▶ _What is required_: The material below should be copied line for line, please, with pictures omitted.

▶ _Data block_:
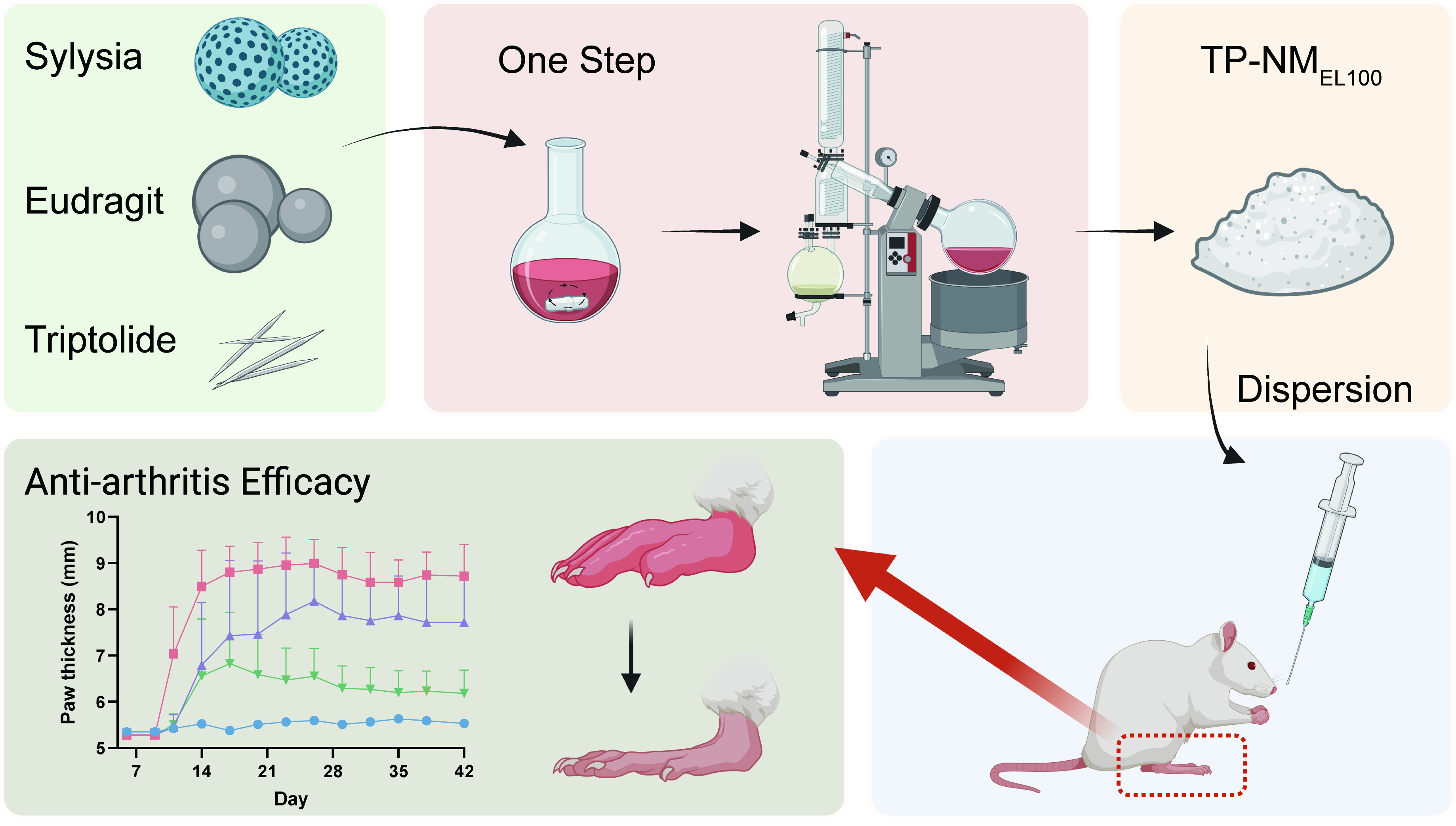 Liang, Y.; Li, M.; Zhou, Q.; Liu, C.; Lin, L.; Yang, L.; Dai, W. Preparation, Characterization, and In Vivo Evaluation of an Oral Triptolide Nanomatrix System for Rheumatoid Arthritis Therapy. Pharmaceutics 2025, 17, 1567. https://doi.org/10.3390/pharmaceutics17121567
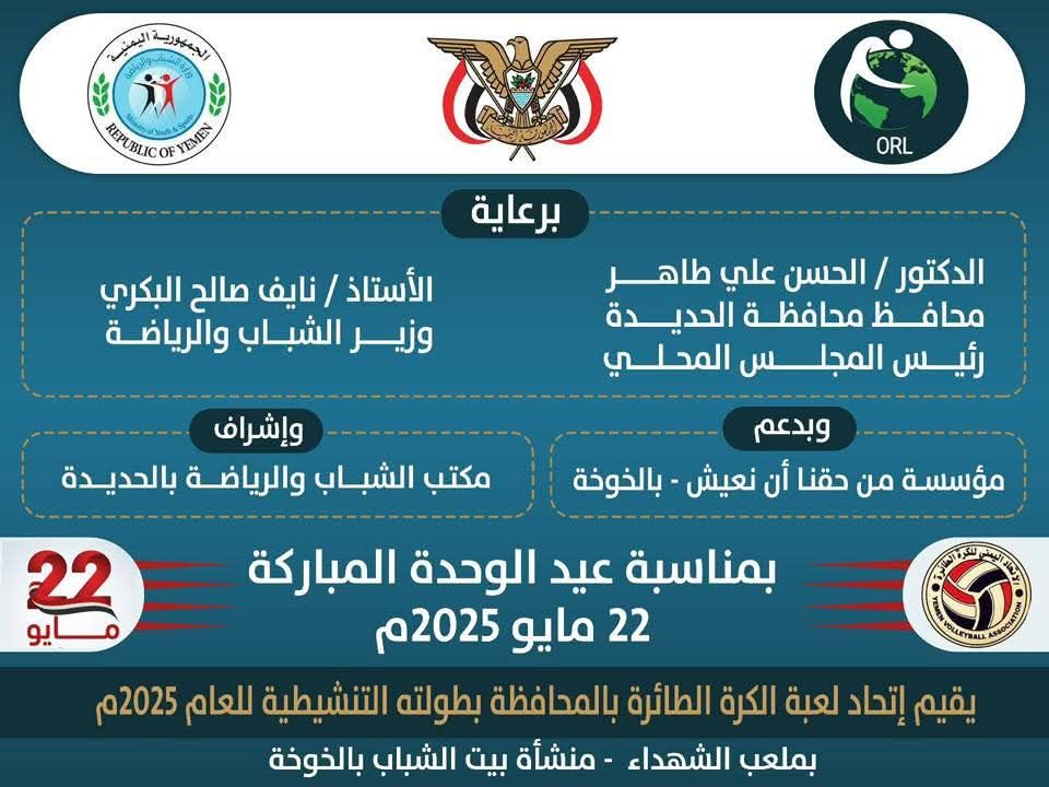 مكتب الشباب والرياضة بالحديدة يدعو الجمهور الرياضي لحضور إفتتاح بطولة 22 مايو لكرة الطائرة في الخوخة
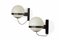 Coppia di lampade a parete con struttura in metallo laccato e diffusore in vetro opalino lucido.,

▶ _Problem solution_:
 Liang, Y.; Li, M.; Zhou, Q.; Liu, C.; Lin, L.; Yang, L.; Dai, W. Preparation, Characterization, and In Vivo Evaluation of an Oral Triptolide Nanomatrix System for Rheumatoid Arthritis Therapy. Pharmaceutics 2025, 17, 1567. https://doi.org/10.3390/pharmaceutics17121567
 مكتب الشباب والرياضة بالحديدة يدعو الجمهور الرياضي لحضور إفتتاح بطولة 22 مايو لكرة الطائرة في الخوخة
 Coppia di lampade a parete con struttura in metallo laccato e diffusore in vetro opalino lucido.,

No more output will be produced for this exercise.